本研究旨在探讨急性心肌梗死(AMI)患者冠状动脉内注射自体祖细胞 2 年后的临床疗效。

方法和结果

采用双盲、安慰剂对照、多中心试验设计,我们将 204 例成功再灌注的 AMI 患者随机分为两组,分别于梗死相关动脉再灌注治疗后 3-7 天接受骨髓源性祖细胞(BMC)或安慰剂介质冠状动脉内输注。2 年时,BMC 组的死亡、心肌梗死或血运重建的累积终点显著低于安慰剂组(风险比,0.58;95%可信区间,0.36 至 0.94;P=0.025)。同样,BMC 组的死亡和再发心肌梗死以及因心力衰竭再次住院的联合终点,反映心力衰竭进展,也显著降低(风险比,0.26;95%可信区间,0.085 至 0.77;P=0.015)。
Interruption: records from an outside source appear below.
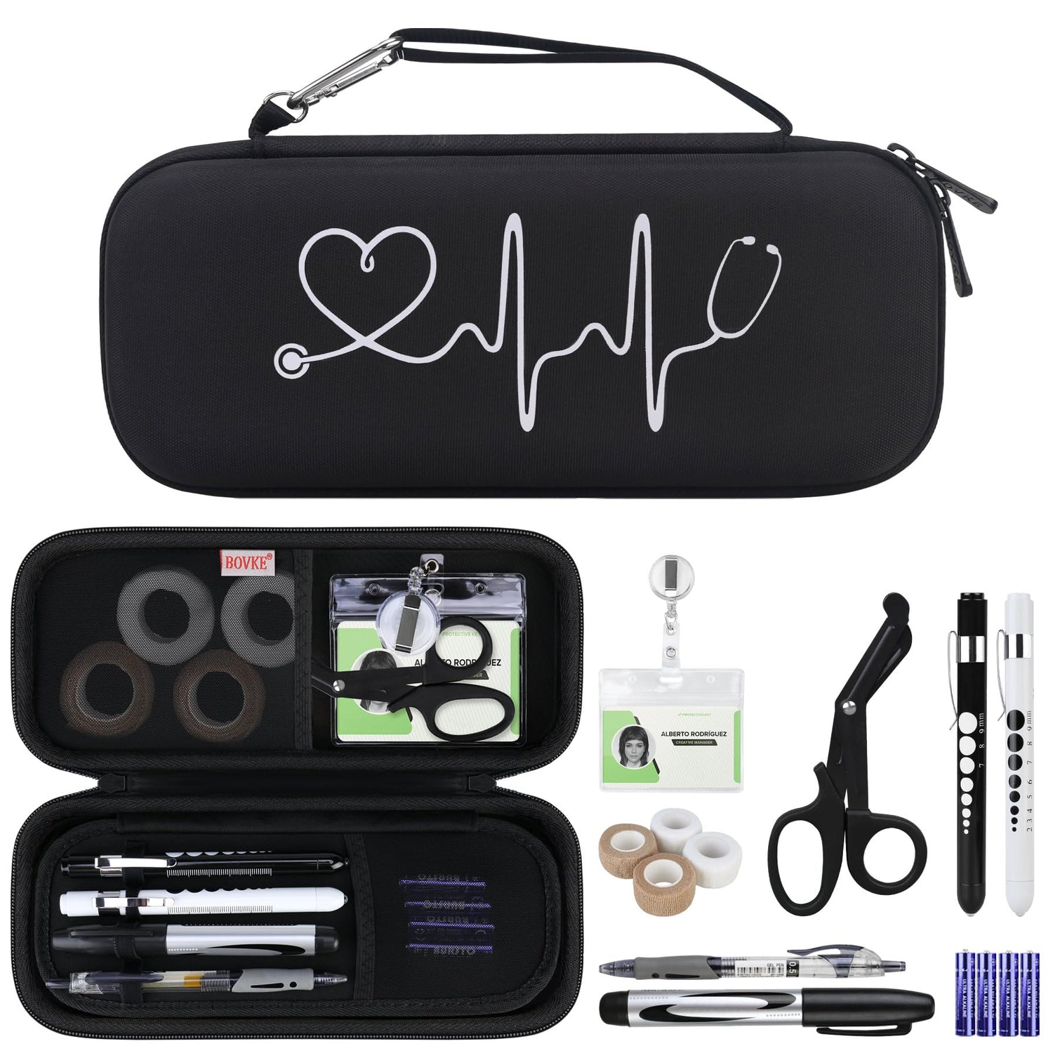 BOVKE Stethoscope Case Kit, 15 Pcs Tool Set Perfect Nurse Gift Include Stethoscope Case, Medical Scissor, Bandage Wraps, 2 Penlights with Batteries, Bandage Holder for Nurses, Black+Black
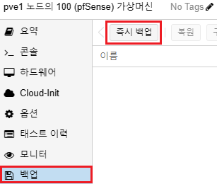 2. 가상머신 또는 컨테이너 선택 후 백업(Backup) 메뉴 클릭 후 즉시 백업(Backup now) 버튼 클릭
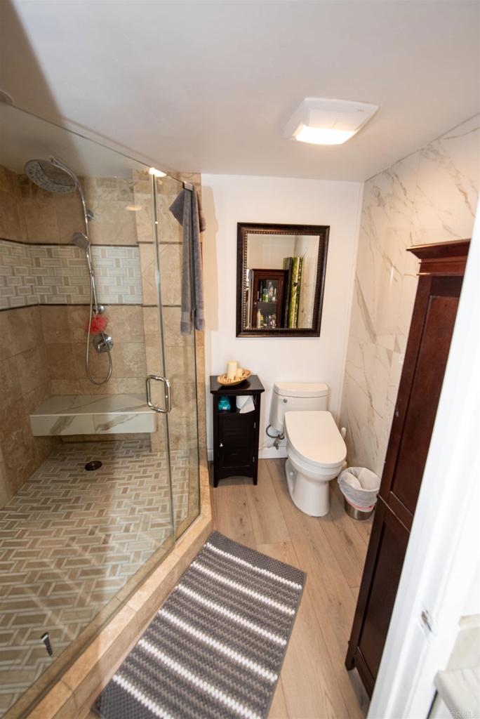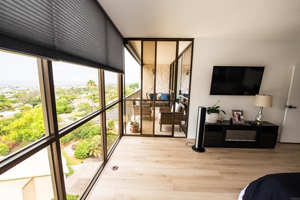 A unique jewel in La Jolla, this newly renovated condo on the ninth floor of La Jolla Shore Tower building provides luxury living with panoramic views of the Pacific Ocean, La Jolla Shores and city lights. It offers floor-to-ceiling glass doors and windows creating a bright and light environment and electronic shades when you want privacy. The kitchen and bathrooms have custom-made cabinetry and quartz counter tops. The recent renovation of this two-bedroom/two-bath unit includes special features like low volt track ceiling lights throughout the house, smart appliances, Kohler smart toilets, anti-Fog bathroom wall mirror with backlit and front lights, wall-to-wall premium vinyl flooring and a smart home control system using Siri and Apple phone. You have one assigned garage parking space with the possibility of renting additional spaces and ample guest parking. The building has resort style amenities: Luxurious lobby, recreation room, two tennis courts, heated pool and spa, gym, sauna and for your guests two suites you can reserve. La Jolla Shore Tower is a secure building with nearby access to beaches, restaurants, art galleries, theater, UCSD and the San Diego freeway system.
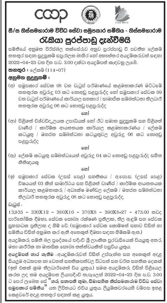 Secretary - Tissamaharama Multi Purpose Co-operative Society
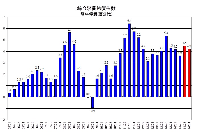 - 以綜合消費物價指數量度,2014年8月一般價格水平上升了3.9%, 2014年第三季整體消費通脹率估計為4.5%。扣除去年政府各項措施(如公屋免租金及電費補貼),通脹率在第三季只有3.3%。預料本季通脹率為4.2%,在扣除差餉寬減措施結束的影響後,同期通脹率為3.4%。預計整體消費通脹率在2014年全年為4.1%,較2013年4.3%略低。

Cox 回归分析调整 AMI 后不良预后的经典预测因素后,冠状动脉内给予 BMC 仍然是良好临床疗效的显著预测因素。BMC 治疗后未见再狭窄或动脉粥样硬化疾病进展增加,也未见室性心律失常或肿瘤增加。此外,在 2 年随访的患者亚组中,MRI 评估的梗死节段的局部左心室收缩功能,BMC 组明显高于安慰剂组(P<0.001)。

结论

冠状动脉内给予 BMC 与 AMI 后 2 年内主要不良心血管事件发生率显著降低相关。此外,BMC 治疗后的功能改善可能至少持续 2 年。需要更大规模的研究来关注临床事件发生率,以确认 BMC 给药对 AMI 患者死亡率和心力衰竭进展的影响。临床试验注册- clinicaltrials.gov。标识符:NCT00279175。